While RF coaxial connectors are now widely available through international suppliers such as RS Components, we’d wager that many of you haven’t of this particular component.
In simple terms, a coaxial RF (radio frequency) connector is an electrical cable designed to work at radio frequencies within the multi-megahertz range. They’re generally used in conjunction with so-called coaxial cables, which maintain the protection and insulation associated with RF connectors.
In this post, we’ll explore the history of this component, while asking what types of RF connection are available on the market?
Exploring the History of RF Coaxial Connectors
This connector was first conceived and designed during the early 1930s, at a time when VHF/UHF technology was relatively new.
It was this technology that laid the foundations for innovations such as FM radio and television, and the RF coaxial connector played a pivotal role in such developments.

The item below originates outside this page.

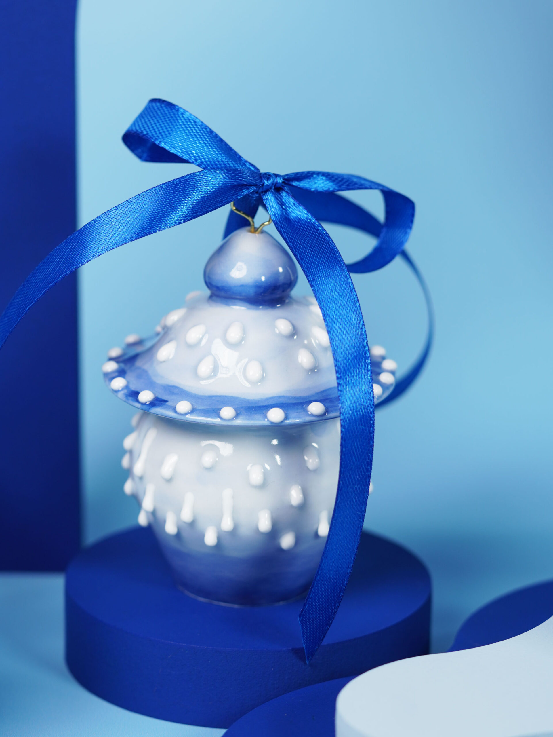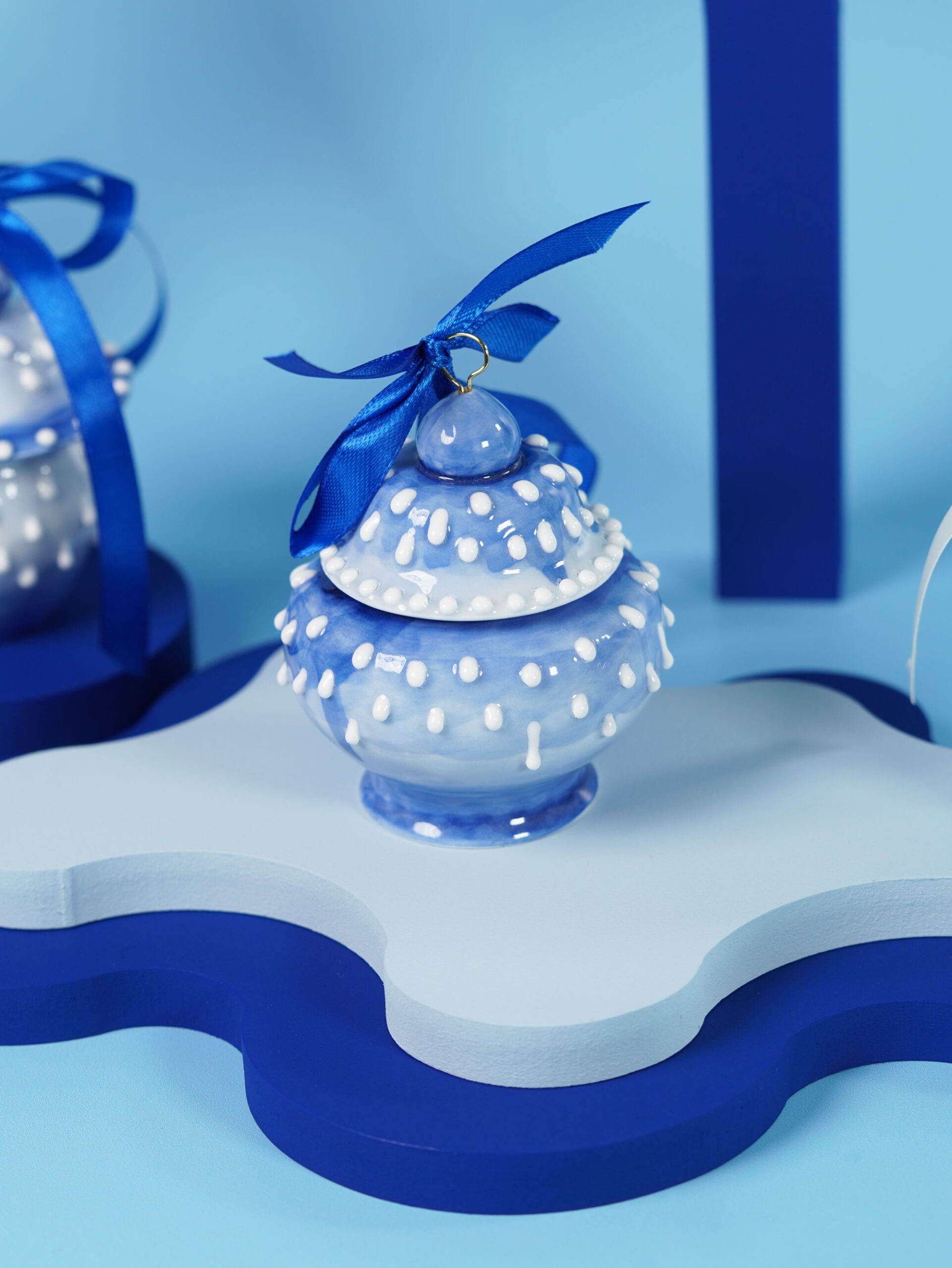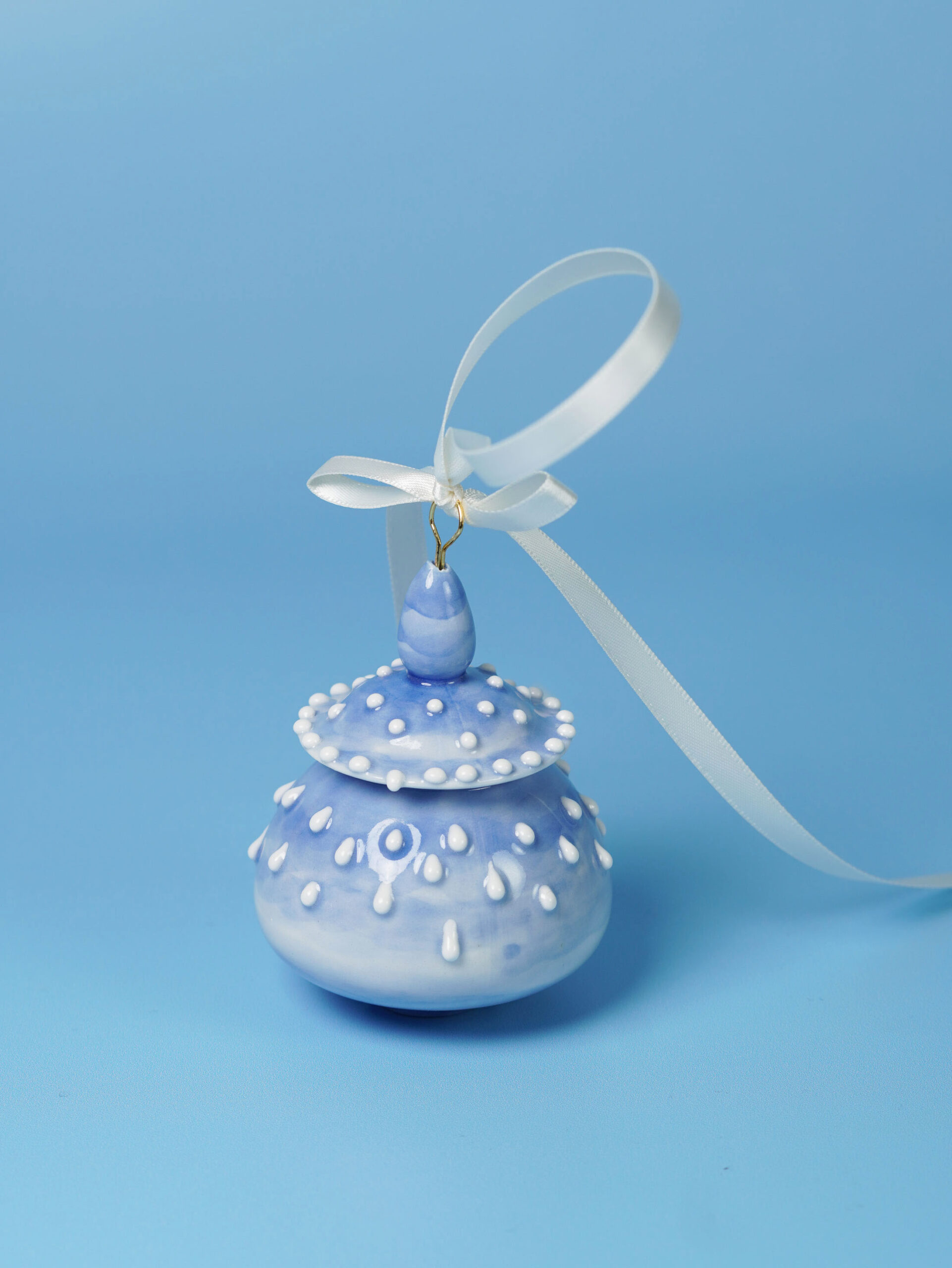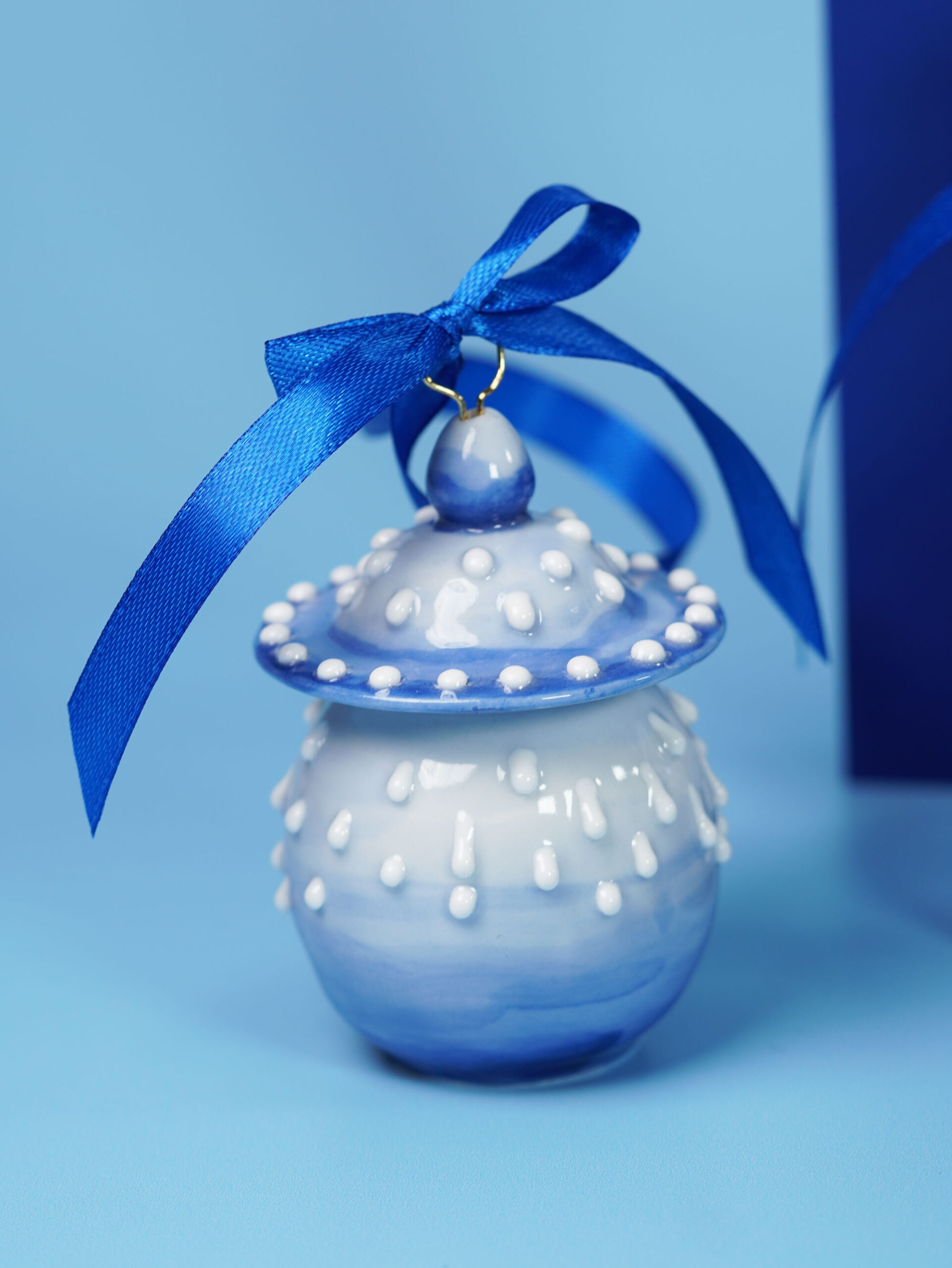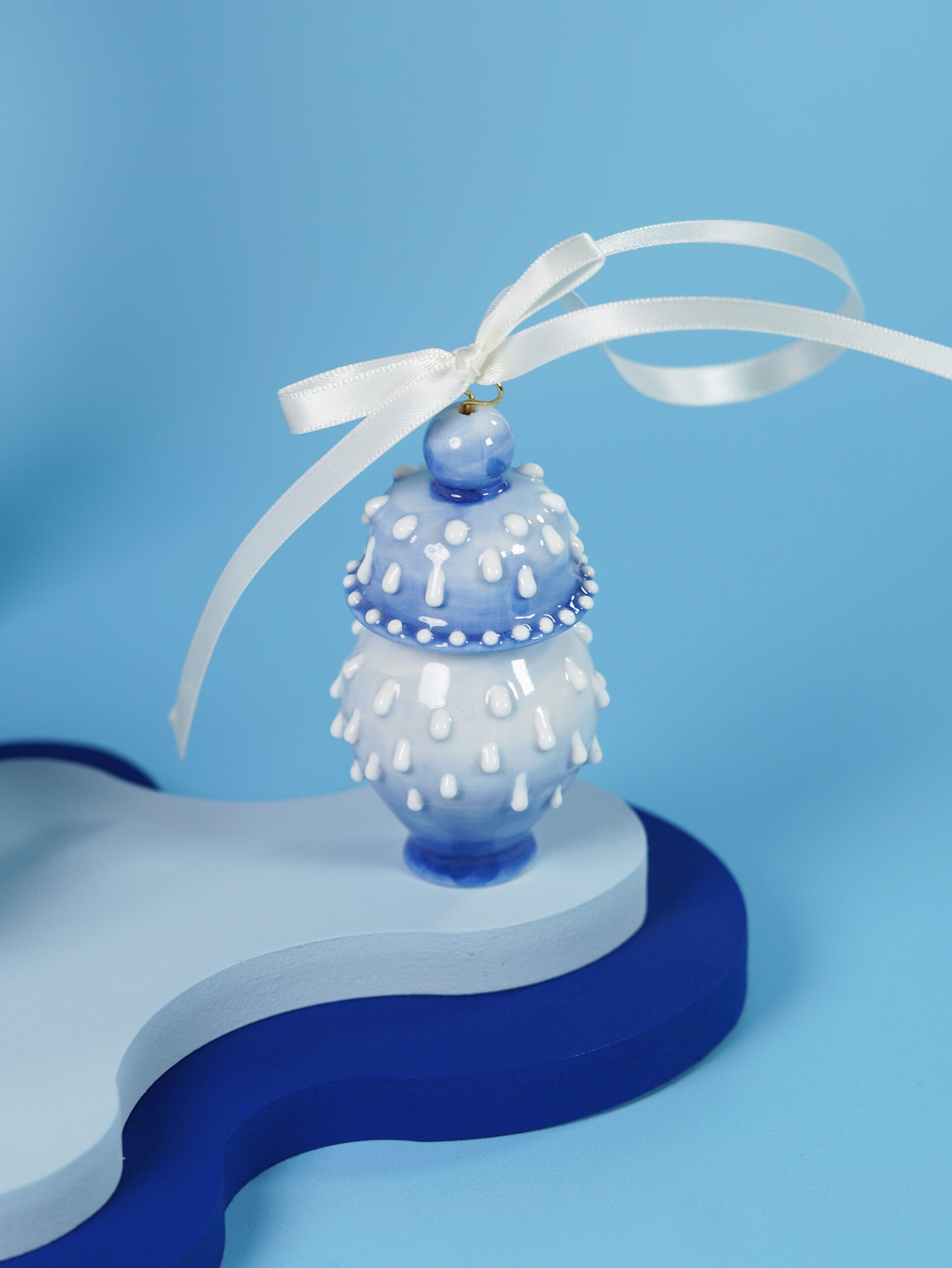 Each piece is slip-cast, hand-decorated with cobalt blue underglaze, and coated in a clear glossy glaze. A soft 18k gold-gilded wire runs through the ornament, ready for hanging. Finished with blue, white, or red ribbons for a festive touch, and some accented with one or more tassels.
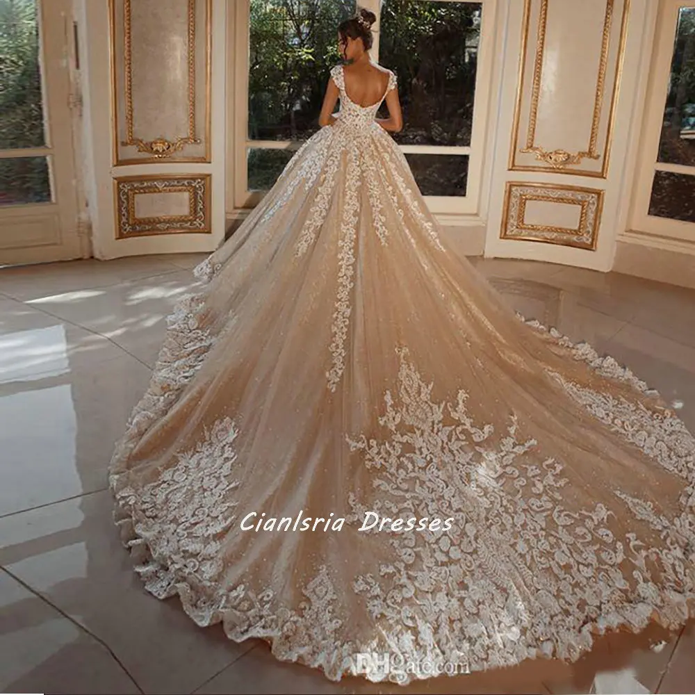 Свадебное платье цвета шампанского, со шлейфом, со стразами

One of the first products of this type was known as the ‘N connector’, which was a threaded and waterproof RF connector that was used to join coaxial cables.
This product was capable of carrying microwave-frequency signals, and hit the market in 1940 having been developed and refined by Paul Neill of Bell Labs. Interestingly, this connector was capable of carrying signals at frequencies of up to 1GHz in military applications, but today’s iterations can handle up to 11GHz on average (including the modern-day version of the N connector).
Understanding the Basics and the Different Types of RF Connectors
There are now many different types of connector formats, while each RF connector also has its own unique characteristics.
For example, it’s male RF connectors that are typically used for coaxial cables, which is quite unlike other forms of connector where female alternatives supply the signal or underlying power.
You should also note that there are various types of coaxial cable in production, which in turn means that different iterations of RF connectors must be used in specific applications. Most crucially, you’ll need to ensure that the correct RF connector variant is used with the relevant coaxial cable, otherwise the connection and potential output may not be satisfactory.
In terms of specific RF connector types (in addition to the trail-blazing ‘N’ iteration), it’s the BNC product that’s arguably the most widely used.
This type of RF connector is particularly commonplace on oscilloscopes and similar laboratory instruments, along with radio frequency test equipment, transmitters and almost any kind of receiver.
You may also encounter TNC connectors, which is a threaded version of the BNC and was historically developed to provide low noise and reliable connections in settings where there may be vibration.